- Born: April 16, 1930 New Brunswick, New Jersey, U.S.
- Died: March 10, 2020 (aged 89) Key West, Florida, U.S.
- Occupation: Artist
- Spouses: ; Barbara Kline ​ ​(m. 1956; div. 1965)​ ; Joyce Horton ​(m. 1965)​
- Children: 3, including John Seward Johnson III
- Parent(s): John Seward Johnson I Ruth Dill
- Website: www.sewardjohnson.com

= John Seward Johnson II =

American artist (1930–2020)

John Seward Johnson II (April 16, 1930 – March 10, 2020), also known as J. Seward Johnson Jr. and Seward Johnson, was an American artist known for trompe-l'œil painted bronze statues.

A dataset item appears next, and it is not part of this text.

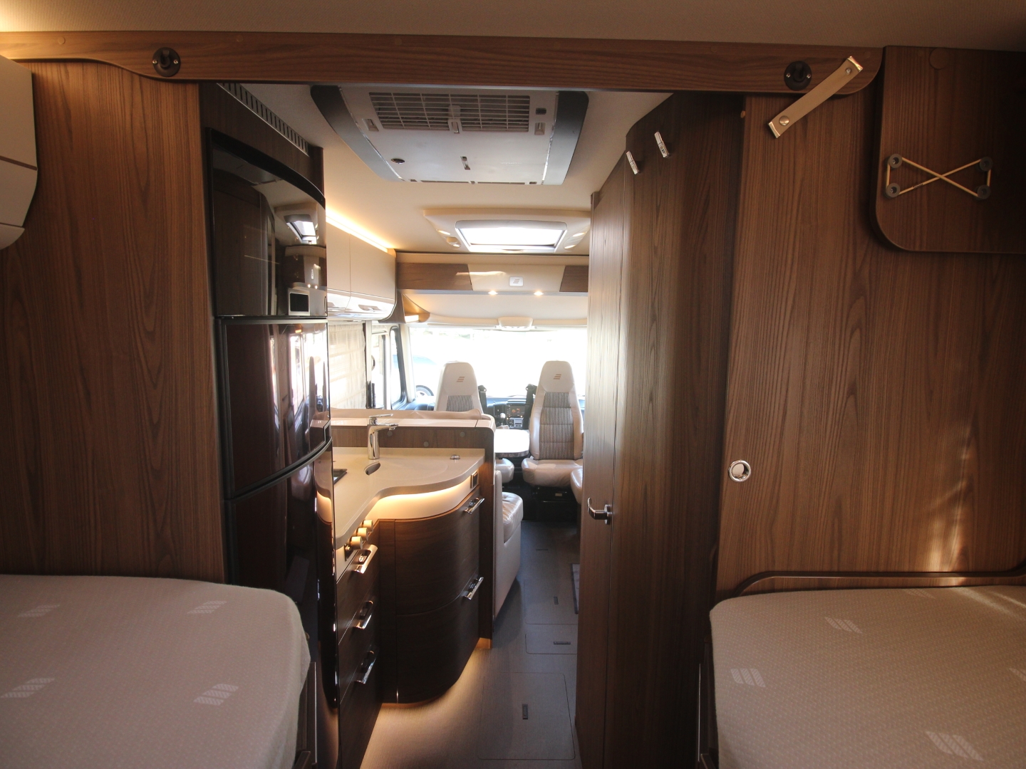 Het slaap gedeelte heeft achter 2 enkele bedden, dicht te leggen tot 1 groot bed, met het Hymer slaapcomfort schotelsysteem. Bovenin de cabine bevind zich een royaal 2 persoons hefbed.

He was a grandson of Robert Wood Johnson I, the co-founder of Johnson & Johnson, and of Colonel Thomas Melville Dill of Bermuda.

He designed life-size bronze statues that were castings of living people, depicting them engaged in day-to-day activities. A large staff of technicians did the fabrication of the works he designed. Computers and digital technology often were used in the manufacturing process. Sometimes the manufacture was contracted in China. He was the founder of Grounds For Sculpture, a 42 acre sculpture park and museum located in Hamilton Township, Mercer County, New Jersey.

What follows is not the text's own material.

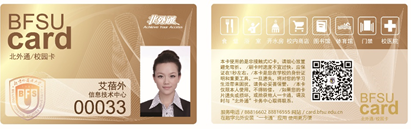 北外校园卡是一种非接触式智能卡,卡表面印刷有部分个人信息,包括工号、姓名、院系部门和照片(普通教工卡见图16-1)。

==Early life and education==
Johnson was born in New Brunswick, New Jersey, on April 16, 1930. His father was John Seward Johnson I, and his mother was Ruth Dill, the sister of actress Diana Dill, making him a first cousin of actor Michael Douglas. Johnson grew up with five siblings: Mary Lea Johnson Richards, Elaine Johnson, Diana Melville Johnson, Jennifer Underwood Johnson, and James Loring "Jimmy" Johnson. His parents divorced around 1937. His father remarried two years later, producing his only brother, Jimmy Johnson, making him an uncle to film director Jamie Johnson.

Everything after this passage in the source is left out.